Wonderful because in death there is life. Not only do tiny salmon grow from the eggs in gravel, but the salmon carcasses break down along the river’s edge, feed the forest along the river and enrich almost every wild thing that uses the forest, from bugs to bears. We have only begun to learn of the salmon’s importance to all living things along the coast.

Here on Haida Gwaii they provide particular wealth. The many rivers and creeks that run to the sea are rich with their remains and the old-growth forests have stood for eons because of them. It is an almost miraculous cycle of life and one that is disappearing quickly. Almost all the watersheds on Haida Gwaii have been logged and those that haven’t will be in the coming years. Road building causes increased erosion and fine sediment generation and salmon eggs are buried under the mess.

According to the Pacific Salmon Foundation (PSF) “100% of Chinook spawning habitats in Haida Gwaii are estimated to be facing a high risk of habitat degradation as a result of road development.” The cycle of sustainability that persisted for so long is being broken. Although there is some tree planting occurring, it will take thousands of years, if ever, before anything resembling the original old growth forest reappears.

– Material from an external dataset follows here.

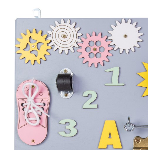 Tablica sensoryczna to świetny pomysł na kreatywną zabawę dla Twojej Pociechy. Nauka przez zabawę to najlepszy sposób na prawidłowy rozwój dzieci. Tablica jest idealnym miejscem na ćwiczenie pierwszych literek oraz cyferek. Odpowiednio wyselekcjonowane elementy ruchome i grające sprawią, że Twoje dziecko rozwinie swoją kreatywność oraz zdolności manualne. Dodatkowo pobudzi to w nim pomysłowość i zachęci do eksplorowania otaczającego go świata. Tablica wykonana w Polsce, bardzo solidna, z materiałów o wysokiej jakości.

And then, of course, there are the salmon themselves. They too suffer from our depredations. From a human perspective, it’s one thing to catch fish to feed one’s family and community. It’s quite another to wipe out whole salmon populations. Millions are taken from the sea by the commercial fishing industry. Seiners, gillnet-ters and trollers catch them offshore and, just as the surviving salmon have made it to the river mouth, the sport fishing industry is waiting for them. Because the captured sport fish didn’t have a chance to spawn, there will be no tomorrow’s salmon from them. Based on recent airfreight calculations, each of the five existing fishing lodges ships out 20,000 lbs of salmon from Haida Gwaii every week, for a total of 100,000 lbs. The fish don’t stand a chance and this drastically diminishes what’s left for our con-sumption.

Salmon are beautiful. The blue and gold of Spring Salmon is as lovely as sunshine on blue water; sleek Coho Salmon are quick and darting; Sockeye are bright slivers of muscle as they move from ocean to river, river to lake and on to their small home stream. The small Pink Salmon is soft and pliable, not one to push through as does the Sockeye but it will spawn and die almost at the river mouth. The noble Chum Salmon, that late fall runner with its thin tail and large jaw, will turn, when close to home, from silver-bright to mottled brown, like wild seaweed on offshore rocks. Every Pacific salmon is faithful to its island home. Haida Gwaii was once a secure haven for this brilliant creature. But sadly, no more.